The union representing around 2,000 plant workers says the deal is the "best of its kind"
Meats of all types raw before it is packaged and shipped to stores and restaurant
Shutterstock/El Nariz

The threat of a strike at an Alberta beef processing plant has been averted after workers accepted the owner's latest offer.

The union that represents about 2,000 workers at the Cargill beef plant in High River says its members have voted 71% in favour of accepting the company's contract.

In a statement, the United Food and Commercial Workers Union Local 401 says the contract is "the best of its kind and presented unprecedented gains in this time of economic and political uncertainty."

It also says it was reached "during the biggest health crisis the world has ever seen."

Jarrod Gillig, the business operations and supply chain president for Cargill's North American protein business, says the deal is "comprehensive" and "fair," adding it reflects their employees' "commitment to excellence."

A company spokesman had previously said the deal offered a six-year collective agreement that includes retroactive pay, signing bonuses, a 21% wage increase over the life of the contract and improved health benefits.

"As an organization that leads with our value to put people first, we truly believe this ratification is in the best interests of our employees and we are eager to move forward to build a stronger future—together," Gillig said in a statement Saturday.

Workers voted 98% last month against Cargill's previous offer, and the union had said workers would strike if a contract agreement couldn't be reached.

Cargill and the union had been at loggerheads for some time over issues related to wages as well as health and safety.

In May of 2020, Cargill's High River plant was the site of a major workplace-related outbreak of COVID-19. More than 900 workers tested positive for the virus, and three deaths were linked to the outbreak.

"A victory has been won and this is a day to celebrate," said a statement from the UFCW Local 401, which had recommended acceptance of the contract offer.

"The injustices at Cargill, however, are not made right by the contract.
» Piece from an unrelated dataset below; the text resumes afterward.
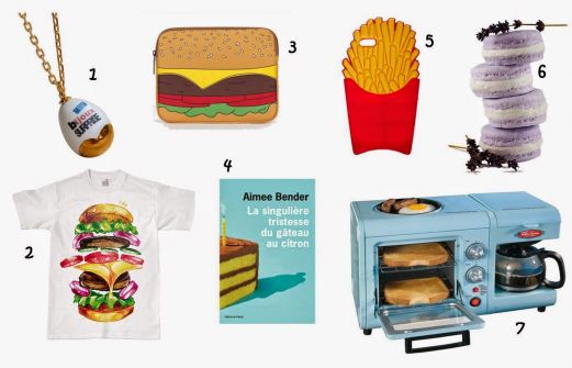 1. collier oeuf / miss bibi / 100€ 2. t shirt burger inside / sayfat / 23€ 3. housse ipad / l'avangardiste / 29.95€ 4. la singulière tristesse du gâteau au citron / aimee bender / 22.50€ 5. coque pour iphone / asos / 10.99€ 6. savon fantaisie macaron / paradis des  [...]

Local 401 and its activists look to the future to enforce the new rights of Cargill workers in this unprecedented collective agreement."

The deal also gives workers a $1,000 signing bonus and a $1,000 "COVID-19 bonus," the union said earlier.

The union's statement noted it had made extensive preparations for a strike. It said tents were erected in front of the plant, floodlights and propane heaters were brought in, nearby fields were levelled so that hundreds of workers could park, and a picketing payroll system was nearly complete.

The statement also noted that in Brooks, Alta., 2,500 employees who process beef at the JBS Plant are watching the Cargill precedent carefully. In the New Year, the union said it would head into bargaining for a new contract.